だから忘れようとした。一緒に眠ろうとした。死ねないのなら、せめて……思い出さないように。同じ場所で瑠璃椿というものを眠らせようとした。
そして心を眠らせて、感情という物を殺して、道具に落ちた。人殺しの道具としてトーラに拾われた。そこからは幾ら人を殺しても何も感じなかった。罪悪感など無かった。それを教えてくれたのはフォースとラハイア。
それでもそこに至るまでの道程。心という物を取り戻してくれたのはアスカだった。それがなければ罪悪感の生じるための心という器も得られなかったのだ。
だからアスカに出会って取り戻したもの、呼び起こされたものはあまりに多い。
(私は……重ねているのか?)
代用品として。彼女にしてやれなかったこと。それをアスカに尽くそうとしようと思う気持ちがあるのだろうか。
「違う……違うっ、そんなことは……そんなことは……」
二人は似ても居ない。
声も、手の大きさも。背の高さも……視線の高さも。髪の色も、眼の色も。
そして何より、二人が自分にくれた言葉。それは全然違う。そこに感じる好意も別のもの。
(本当に、そうかしら?)
不意に聞こえた声に振り返る。誰もいない。あるのは鏡一枚。ああ、それは幻聴だ。鏡に映った自分の姿。鏡の中の自分はそれを責めてくる。だから鏡は嫌いなんだ。
そこに失った片割れを求めるように見つめたこともあったが、何時からか……それは恨み言しか返さなくなった。
死んだ妹姫。死産の彼女。彼女が居ないからこそ、自分は片割れ殺し。だから父にも望まれず、処刑された。もしも自分が女だったら、処刑などされなかった。こんな、毒の身体になることもなかった。父もきっと自分を愛してくれただろう。
たった一つ。自分では選びようもない事象。それが仕組まれている。そうしてこんな所まで転がり落ちてきた。
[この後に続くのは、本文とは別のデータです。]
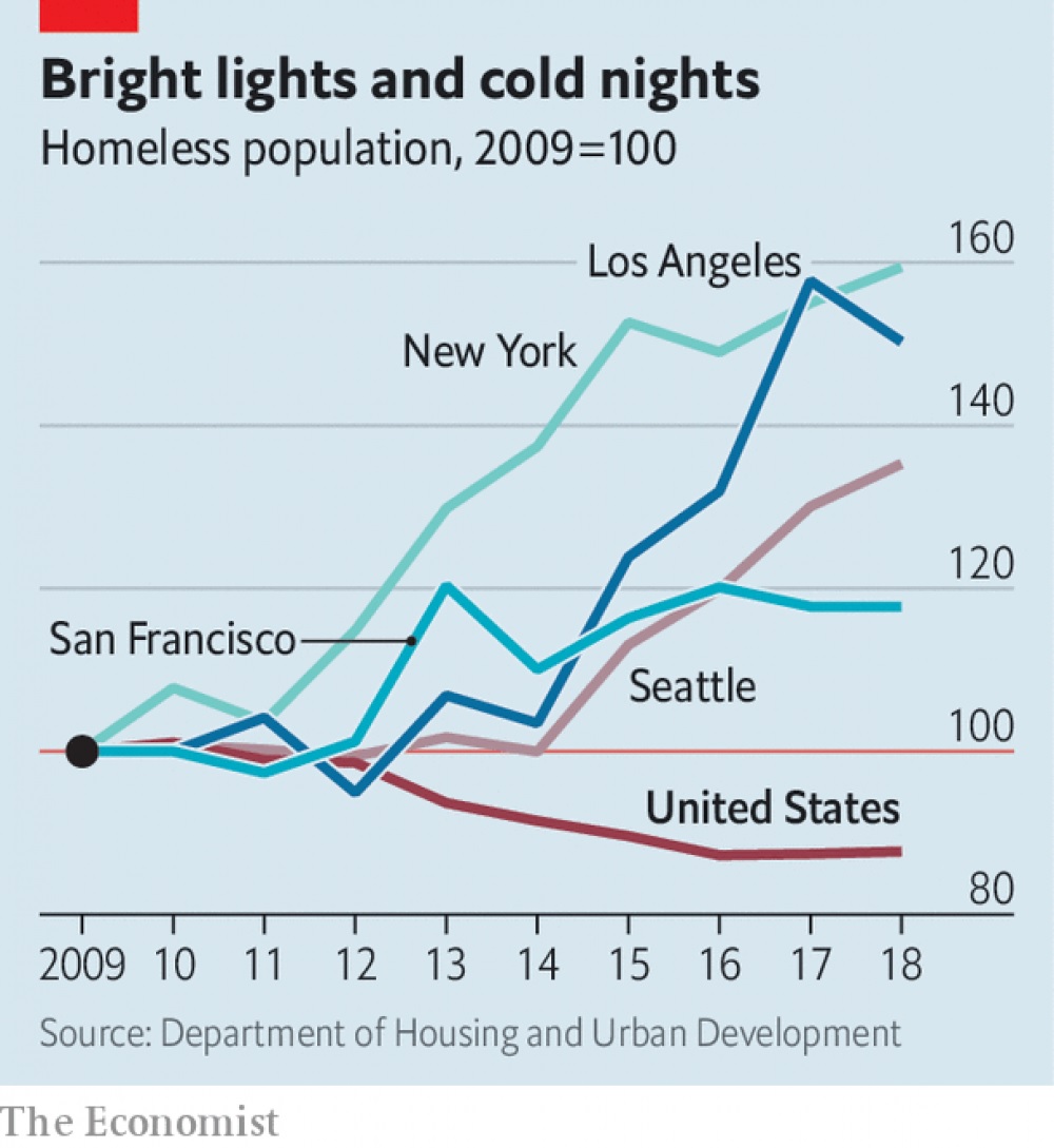 Despite significant public efforts—such as a surcharge on sales tax directed entirely towards homeless services and a $1.2bn bond issue to pay for affordable housing—the problem of homelessness is worsening in Los Angeles. It has emerged as the greatest liability for Eric Garcetti, the mayor, and may have hindered his ambitions to run for president. After spending hundreds of millions, the city was surprised to learn in July that the number of homeless people had increased by 12% from the previous year (city officials point out that this was less than in many other parts of California). Though it can be found everywhere, homelessness, unlike other social pathologies, is not a growing national problem. Rather it is an acute and worsening condition in America’s biggest, most successful cities.

それでも彼女は自分を責めるだろうか?生きている癖に。生まれることが出来た癖に。私は苦しい。生まれることも出来なかった。生まれながらに死んでいた。いい気味よと、彼女は笑っているのだろうか。
(ねぇ、兄様。生まれるべきは貴方じゃなくて、望まれるべきは私だったとは思わない?)
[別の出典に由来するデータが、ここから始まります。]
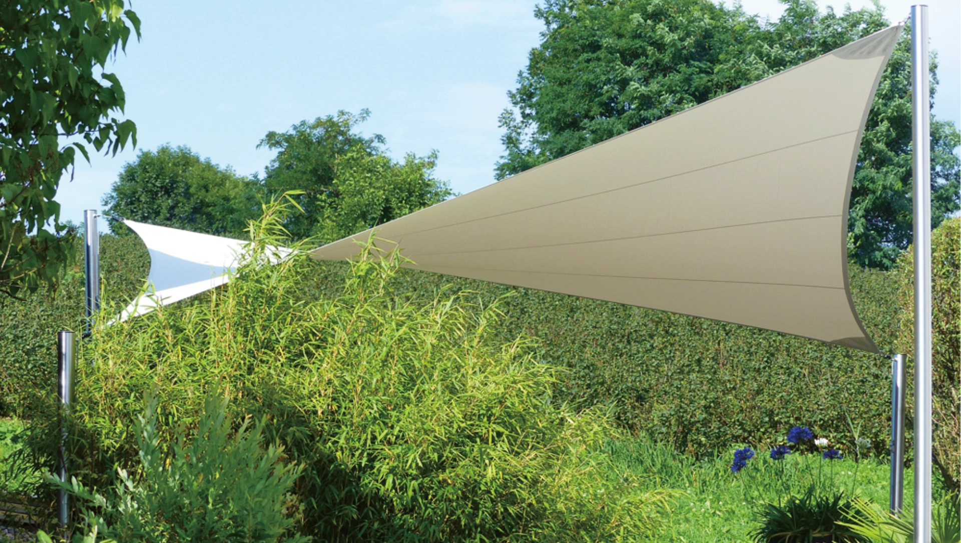 - Straff gespanntes Sonnensegel mit hoher Windstabilität
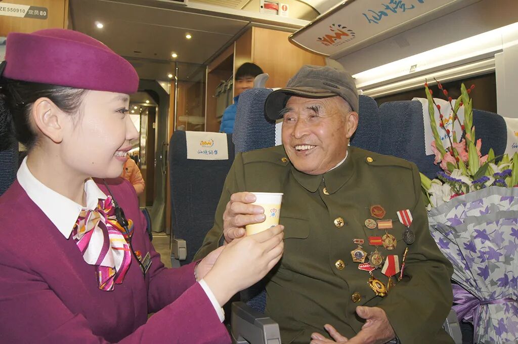 《革命老兵許家綏,體驗青榮城際高鐵首趟列車》 李蘇適

鏡が語りかける。此方の心を曝くように、そんな幻影の姿を借りて。お前が死ねば良かったんだと彼女は言った。
(だってそうでしょ?お父様も生まれたのが私なら何も思い悩むことはなく、狂うこともなかった!そうすればアスカの両親だって殺されずに済んだのよ?……そうすれば彼が兄様を、いいえ私を怨むことなどなかった!)
今とは違う関係になれていたと彼女は言う。
憎まれることなく、穏やかに笑い合える。邪眼もない。だから普通に接することが出来た。お互いに。それこそ本当に友人になれていたかもしれないと。
でも今はそうじゃない。お前達はそんな関係ではない。
復讐者とその仇。そこに邪眼の好意が働いて、主従関係なんて歪なものに繋ぎ止めているだけだ。
(忘れたっていうの?貴方は人殺しなのよ兄様!死んでいた貴方のために、どれだけの血が流れたと思うの?アスカがセネトレアまで逃げるまで、盾となって死んだ人間が!幾らいると思うの!?ねぇ兄様っ!)
「や、止めてくれっ!」
(そうやってまた逃げるの?いつも兄様はそう!さっきもそう!)
思わず叫んでしまった。その言葉にも容赦なく妹は斬りかかる。
(貴方はアスカに怨まれているのよ。憎まれているのよ!兄様が父様をまだ心のどこかで憎んでいるのと同じようにねっ!!)
また踏み込まれた。その傷口が鋭い痛みに泣き出した。
否定できない。自分はそうある心を否定できない。それなら彼も同じ事。
リフルはそれを否定できない。
「違う、私は後悔なんかしていない!私は毒を得たからこそ……奴隷になったからこそ、多くを知り、多くを学んだ!唯王位を得ただけの私は、父様と同じだ!いつか狂って、民を虐げるような傲慢な王になっていた!」
そんな傲慢なのもになるくらいなら、今の方がずっといい。奪うより、奪われる者でありたい。王とは奪うものではない。与え守る者。そうではないのか?いや、そうであるべきだ。それこそが王の姿。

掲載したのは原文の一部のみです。